§ REQUIRED ACTION:
Your answer must be an exact copy of the data below, minus any pictures.

Excerpts from a dataset:
= = = = =

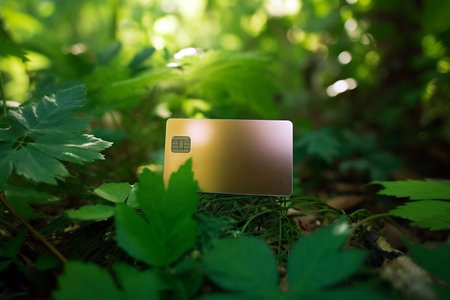 Golden credit card on a background of green leaves. Green Friday, sustainable consumption, sustainability, ecology, zero waste and sale concept. Copy space for text.
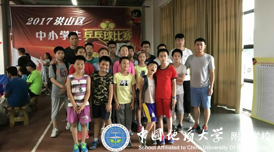 在2017年洪山区中小学乒乓球比赛中,由高飞老师指导的地大附校代表队荣获小学男子甲组团体赛第三名,五(1)班的胡睿诚在小学男子甲组单打比赛中荣获第三名,六(1)班的邵晨希在小学女子甲组单打比赛中荣获第三名。
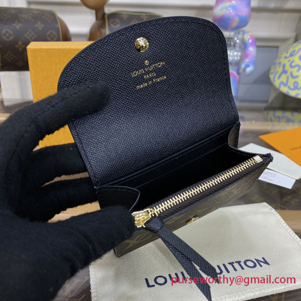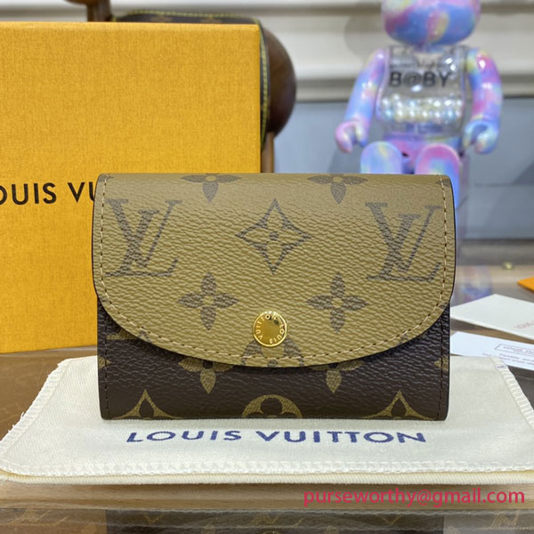 The Rosalie coin purse combines Monogram and Monogram Reverse canvas for a refined signature look. This tiny purse is distinguished by its rounded flap, which is secured with an engraved, gold-tone press-stud. Inside, it offers a flat pocket, a zipped pocket for coins and two card slots, while there is an additional flat pocket at the back.
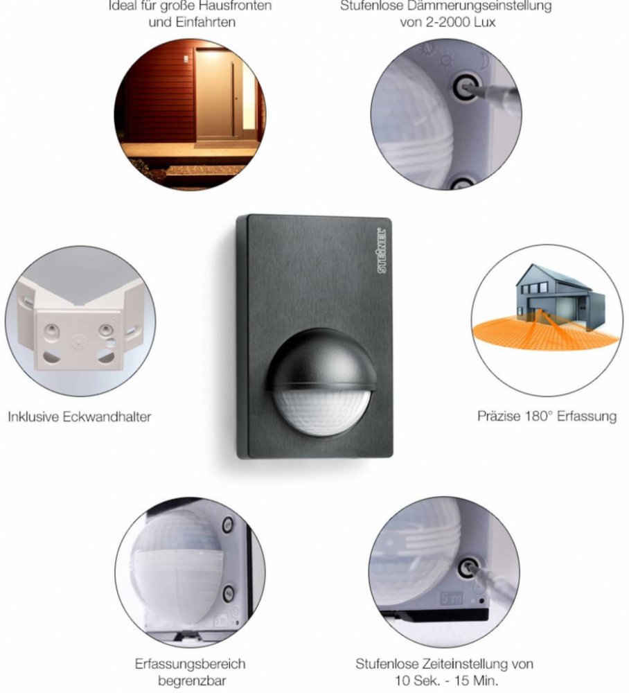 Naše pohybové čidlo Steinel IS 180-2 s infračerveným senzorem se dokonale hodí pro zaměřování oblastí před budovami, příjezdových cest a vnitřních prostor.
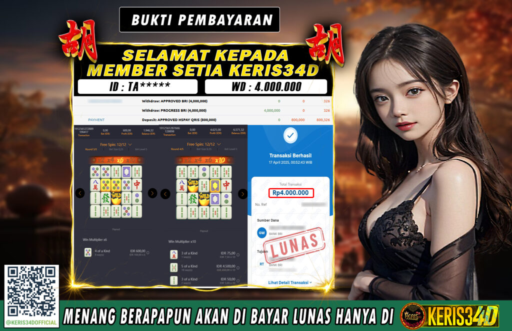 Setiap hari, member KERIS34D berhasil meraih jackpot besar dari berbagai provider slot ternama yang kami sediakan, seperti Pragmatic Play, Habanero, PG Soft, dan masih banyak lagi. Kami secara rutin menampilkan bukti screenshot atau rekapan kemenangan yang berhasil diraih, mulai dari kemenangan ratusan ribu hingga puluhan juta rupiah. Semua slip kemenangan ini kami hadirkan untuk membuktikan bahwa di KERIS34D, peluang menang itu nyata
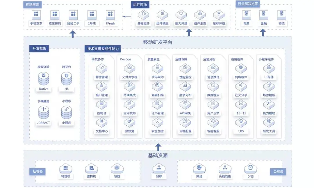 - 基础能力组件: 平台提供网络、图片、定位、存储、UUID等App所需的基础能力组件,所有组件经历京东复杂业务及大流量验证,提供完善的接入使用指导,用户可以自主选择快速复用京东成熟、稳定的技术能力。
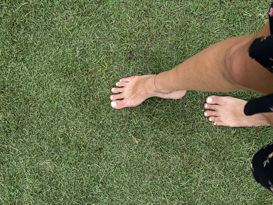 - "An overhead view captures the bare lower legs and feet of an individual positioned on a uniformly green, short-cut grass surface" by FM-MxRdg1, licensed under CC BY 4.0
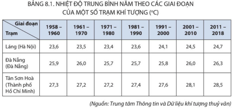 Câu 5: Từ năm 1980 trở lại đây, nhiệt độ trung bình năm trên cả nước có xu thế?
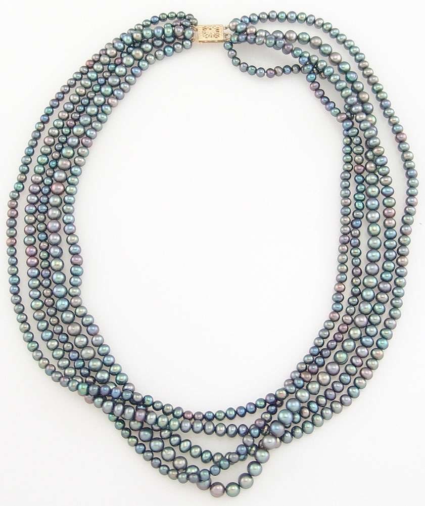 Колье с радужным жемчугом Вашему вниманию предлагается великолепное украшение – колье с жемчугом! Колье выполнено из 5 нитей радужного жемчуга диаметром 4 – 6 мм! Общая длина 475 мм. Застежка из 14-каратного золота (585 проба). Вес украшения 67,9 г. |

= = = = =

§ PROBLEM SOLUTION:
 Golden credit card on a background of green leaves. Green Friday, sustainable consumption, sustainability, ecology, zero waste and sale concept. Copy space for text.
 在2017年洪山区中小学乒乓球比赛中,由高飞老师指导的地大附校代表队荣获小学男子甲组团体赛第三名,五(1)班的胡睿诚在小学男子甲组单打比赛中荣获第三名,六(1)班的邵晨希在小学女子甲组单打比赛中荣获第三名。
 The Rosalie coin purse combines Monogram and Monogram Reverse canvas for a refined signature look. This tiny purse is distinguished by its rounded flap, which is secured with an engraved, gold-tone press-stud. Inside, it offers a flat pocket, a zipped pocket for coins and two card slots, while there is an additional flat pocket at the back.
 Naše pohybové čidlo Steinel IS 180-2 s infračerveným senzorem se dokonale hodí pro zaměřování oblastí před budovami, příjezdových cest a vnitřních prostor.
 Setiap hari, member KERIS34D berhasil meraih jackpot besar dari berbagai provider slot ternama yang kami sediakan, seperti Pragmatic Play, Habanero, PG Soft, dan masih banyak lagi. Kami secara rutin menampilkan bukti screenshot atau rekapan kemenangan yang berhasil diraih, mulai dari kemenangan ratusan ribu hingga puluhan juta rupiah. Semua slip kemenangan ini kami hadirkan untuk membuktikan bahwa di KERIS34D, peluang menang itu nyata
 - 基础能力组件: 平台提供网络、图片、定位、存储、UUID等App所需的基础能力组件,所有组件经历京东复杂业务及大流量验证,提供完善的接入使用指导,用户可以自主选择快速复用京东成熟、稳定的技术能力。
 - "An overhead view captures the bare lower legs and feet of an individual positioned on a uniformly green, short-cut grass surface" by FM-MxRdg1, licensed under CC BY 4.0
 Câu 5: Từ năm 1980 trở lại đây, nhiệt độ trung bình năm trên cả nước có xu thế?
 Колье с радужным жемчугом Вашему вниманию предлагается великолепное украшение – колье с жемчугом! Колье выполнено из 5 нитей радужного жемчуга диаметром 4 – 6 мм! Общая длина 475 мм. Застежка из 14-каратного золота (585 проба). Вес украшения 67,9 г. |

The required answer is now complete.